The western world has constructed for itself over a hundred or more years a system. As this system is now understood to be our undoing we are faced with the urgent need of replacing it. So lets just do it. Keeping in mind that ‘the power’ goes off now and again through weaknesses of varying sorts in our wonderful power system, but with no real long-term effects. The grid power to my house has gone off without warning six times so far this year. So what? In the event that we go all electric and all renewables, and should our wonderful fossil free new system sometimes show defects, then so what? I expect we’ll improve it. The desperate need to ‘keep the lights on’ at all costs is only fossil industry bs. The city office blocks lit up all night every night are because of the impossibility of turning off the coal fires when they’re not needed. How dumb. Ditto street lights, which are shown to have no bearing whatsoever on security and crime rates. How dumb. (To demonstrate the futility of it, half the light goes upwards into the night sky to block out the wonderful stars.)
Every question delays the inevitable and puts your money in the pockets of the people ripping us all off, to their delight.
In world war 2 Henry Ford stopped building cars and turned to building tanks and warplanes, something repeated in every wartime country. It was necessary to defeat the Germans, Italians and Japanese, and the cost had to be borne, regardless. In fact the faster the production and the greater the cost the better, because it brought victory closer. The threat facing everyone now is greater by far than it was in 1939. And we are losing.

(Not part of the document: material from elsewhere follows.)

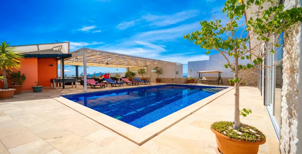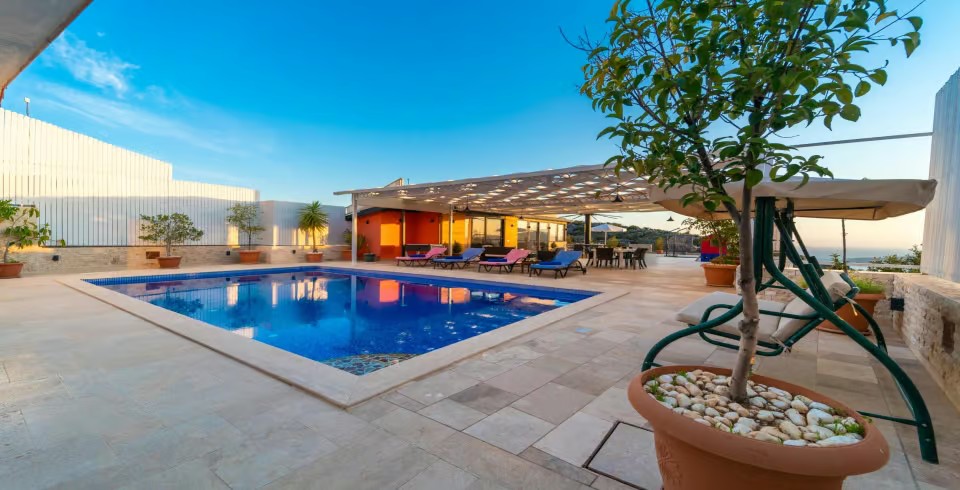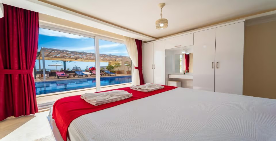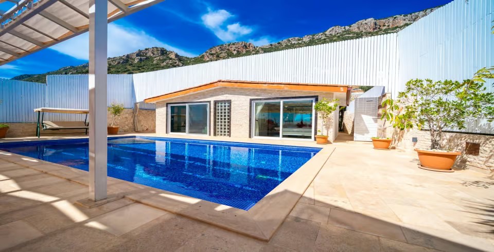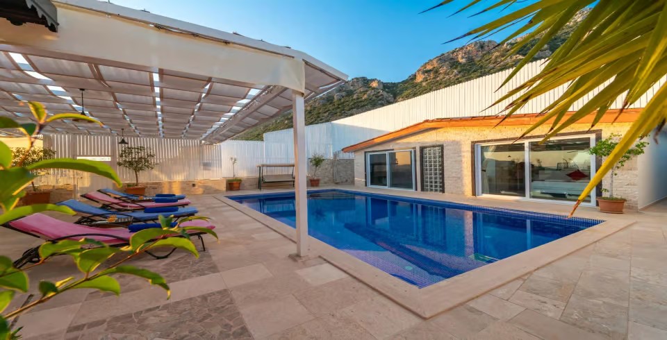 Kalkan Kördere  bölgesinde bulunan Muhafazakar Özel yüzme havuzlu villamızdır. Villamız korunaklı havuzlu olum gizliliğe önem veren aileler ve balayı çiftlerimiz için son derece uygun bir tercih olacaktır. 3 yatak odalı 6 kişi konaklama kapasitesine sahiptir. 1 yatak odasında jakuzi bulunmaktadır. Açık mutfak salonumuz bulunmakta olup villamızın havuz terasında mangalımız bulunmaktadır. Yazlık villamızın bulunduğu konumdan kalkan manzarası  gözükmektedir. Kalkan merkeze özel aracınız ile 5 dk. mesafede bulunmakta olup ulaşım gayet kolaydır.

Thank you for your civil reply Rodger. I’ll research that further.
Having words like “nonsense” and “educate yourself” spat at me, as in a comment above, doesn’t encourage me at all. I spent over 30 years in a psychiatric role within a State justice system and I’ve seen many self righteous people in my time. I’ve learnt to ignore them 😉
Hmmm. A genuine politely worded question, or a fossil fuel shill working as a plant to sow doubt in an audience that, in the main, would be inclined to support renewable energy?

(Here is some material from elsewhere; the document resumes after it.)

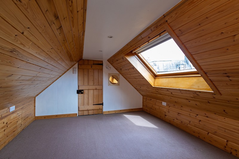This attic bedroom has pine clad walls and a velux window which allow natural daylight to flood through. The floor has been carpeted and there is a 3-spot light fitting, ceiling downlighters and double sockets.

“I’ve searched for an answer to a question that’s been on my mind for a very long time.”
I found the following link after five minutes’ search: Energy payback time and carbon footprint of commercial photovoltaic systems – ScienceDirect. If only you’d thought of Google! You would have saved yourself many years of uncertainty! The “peer supported papers or studies on this important matter” is a nice touch, though, because unless you have access through an academic source, most people have to pay to download complete peer reviewed papers, and who is going to do that? Although, if the issue concerns you so much, I’m sure you would find it a worthwhile investment.
“It’s obvious that you can’t use the power from one solar panel to make another solar panel … because of the low voltage it produces”. Well, you can. You just have to hook it up with a lot of other solar panels. Or wind farms. Or any other source of renewable energy. It is a nice misdirection, though, because ‘the elephant’ you referred to is the power output of a solar panel over its operational life, which could be thirty years or more, versus the embodied energy of manufacturing the panel. The panel’s output voltage is only one of many factors that contribute to this calculation.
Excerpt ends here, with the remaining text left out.